Она опускается на колени, обхватив мою руку своими обеими, хрусталинки слез дрожат в уголках ее глаз:

- Милый, я твоя совсем, но обещай, что ты не сделаешь меня женщиной еще недолго, пока… Ты знаешь, я дала слово маме, я тебе расскажу…

Я поднимаю ее, потому что слышны по половицам пятки Ниловны.

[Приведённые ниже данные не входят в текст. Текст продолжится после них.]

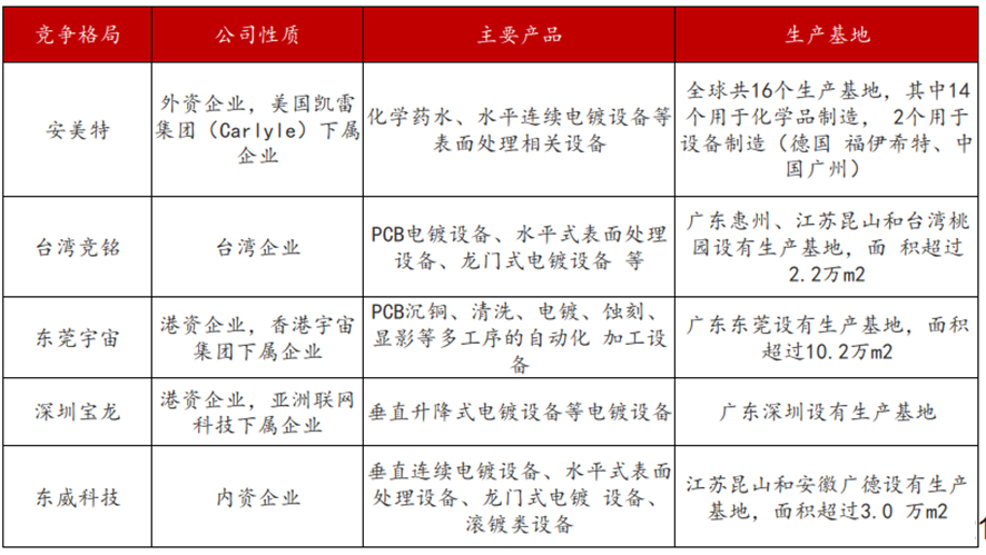 竞争格局上,PCB 电镀设备主要分为三类:垂直连续式电镀设备(东威科技占据国内 50% 以上市占率)、垂直升降式电镀设备(台湾竞铭、东莞宇宙等为主力)、水平连续式电镀设备(以安美特为代表),各类设备对应不同市场需求形成差异化竞争。

То, что не успела тогда рассказать, она расскажет теперь.

Она уже лежит, когда я возвращаюсь из душевой. Смоль длинных кос сошлась у нее на груди; в них, как медальон в оправе, - плечи, лицо, руки под подбородком, огромные, с робостью и ожиданием глаза. Я слышу уже с порога, как гулко у меня стучит сердце.

Ночь эта, собственно, нерассказуема. Это вспыхивающие и тут же гасимые пожары, поединки, кончающиеся братанием, бурное "вверх" и бездыханное "вниз". Я долго воюю с маленькой ладонью, которая встречает и отводит мои губы в сторону, жарко дышу в нее и стряхиваю щекой; ладонь уступает и долгие минуты устало лежит; потом вспархивает опять - и это уже целых две Ютиных слабых руки, умилительные самой беспомощностью сопротивления. "Не теперь… не теперь… не теперь!.." - твердит она задыхаясь и вдруг садится рывком, смугло-розовая и горячая в мятых сугробах простынь. Она заламывает маленькие свои кисти с хрупкими пальцами, и у меня от этого, как всегда, сжимаются острой жалостью зубы и что-то хрустит в груди. "Ты же обещал!.. Знаешь, я не рассказала тебе: когда уводили моих, уже на пороге, маму никак не могли оторвать от меня. "Дай мне слово, что ты не станешь любовницей, но только - женой, только с благословения церкви… Юта, родная моя!.." Я дала слово. Ты должен понять… Боже!"

Она закрыла глаза ладонями, и я кидаюсь целовать ее ноги.

Колпак лампочки на столе обкручен газетой, и в каюте полутемно. Мне кажется, что Юта дремлет, но - нет, она смотрит сейчас на меня, и в глазах ее оживленный свет:

- Милый, знаешь, я перееду в жилички к Ниловне. Пока ты не устроишь свои дела. Я хочу быть как можно больше с тобой. Я уже на днях перееду…

Она обнимает меня за шею, и это снова бросает нас в хождение по самому лезвию искуса и в изнеможение - после. "Мне кажется, ты что-то берешь у меня, когда целуешь, и я становлюсь слабой-слабой, - говорит она сонно, и я вижу, как сами собой опускаются у нее веки. - Ты поцеловал меня сегодня уже тысячу раз… Поцелуй еще один раз - и будем спать"…

Я целую ее еще раз, но спать не могу; верхняя койка так и остается в эту ночь несмятой. Мне хочется много воздуху и, прикрыв еще плотнее газетой свет, я выхожу на палубу.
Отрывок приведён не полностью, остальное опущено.